-- WHAT TO WORK ON --
The reply should hold only the lines from the one with "Режимы: COB белый" to the one with "3-in-1 Function: Dryer, straightener, and", both ends kept, exactly as they appear below, without any pictures.

-- EXCERPTED RECORDS --
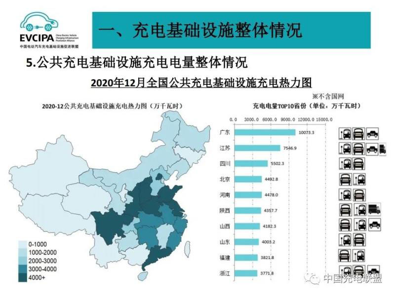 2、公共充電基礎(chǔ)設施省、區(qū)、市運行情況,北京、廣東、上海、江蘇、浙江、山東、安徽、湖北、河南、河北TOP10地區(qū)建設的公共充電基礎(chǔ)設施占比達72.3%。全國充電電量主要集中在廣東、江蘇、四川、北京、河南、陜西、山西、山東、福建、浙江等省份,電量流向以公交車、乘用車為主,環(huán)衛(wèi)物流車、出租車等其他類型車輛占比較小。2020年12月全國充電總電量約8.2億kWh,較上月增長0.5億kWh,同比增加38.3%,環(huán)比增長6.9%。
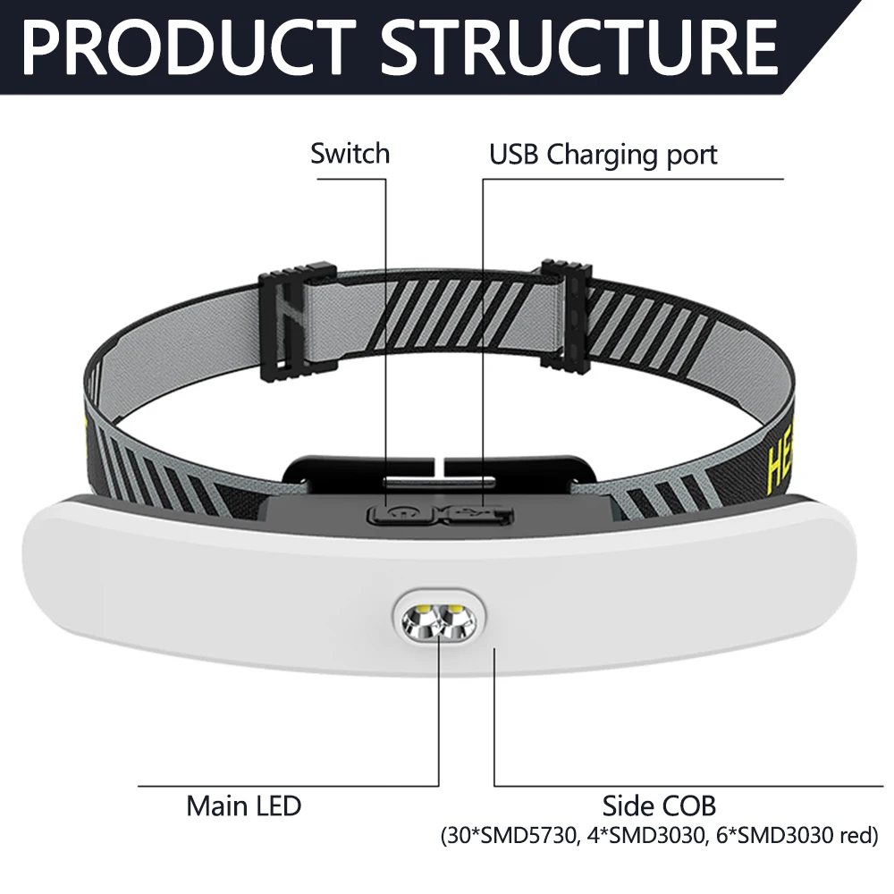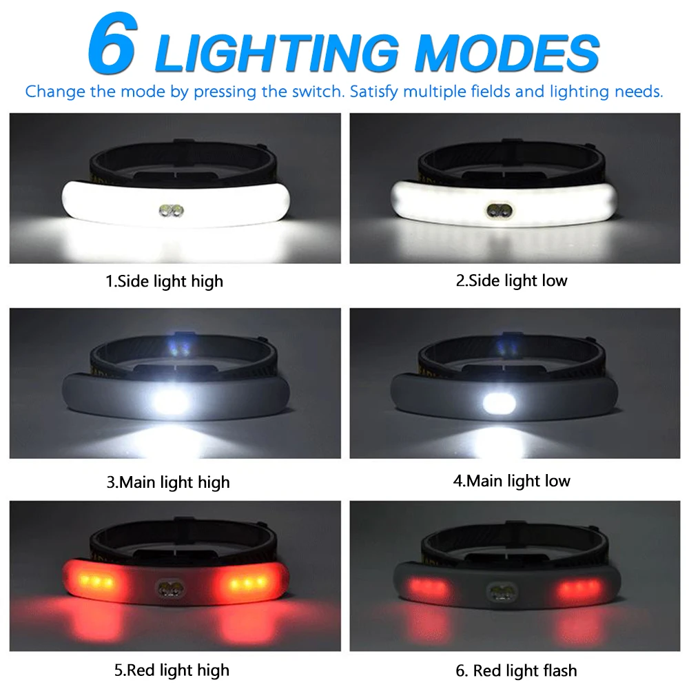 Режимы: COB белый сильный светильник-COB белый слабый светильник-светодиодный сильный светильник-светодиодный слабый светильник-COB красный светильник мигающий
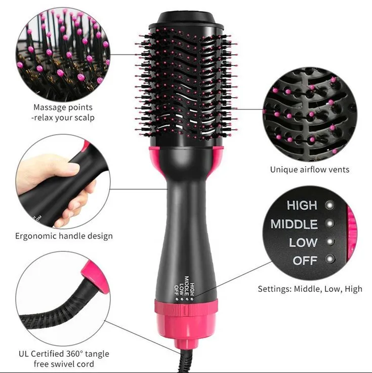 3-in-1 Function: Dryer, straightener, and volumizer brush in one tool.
---
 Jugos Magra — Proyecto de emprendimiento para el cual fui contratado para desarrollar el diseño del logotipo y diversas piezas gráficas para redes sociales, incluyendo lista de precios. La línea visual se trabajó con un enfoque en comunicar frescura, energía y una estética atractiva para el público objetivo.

-- RESPONSE FOR THIS EXERCISE --
 Режимы: COB белый сильный светильник-COB белый слабый светильник-светодиодный сильный светильник-светодиодный слабый светильник-COB красный светильник мигающий
 3-in-1 Function: Dryer, straightener, and volumizer brush in one tool.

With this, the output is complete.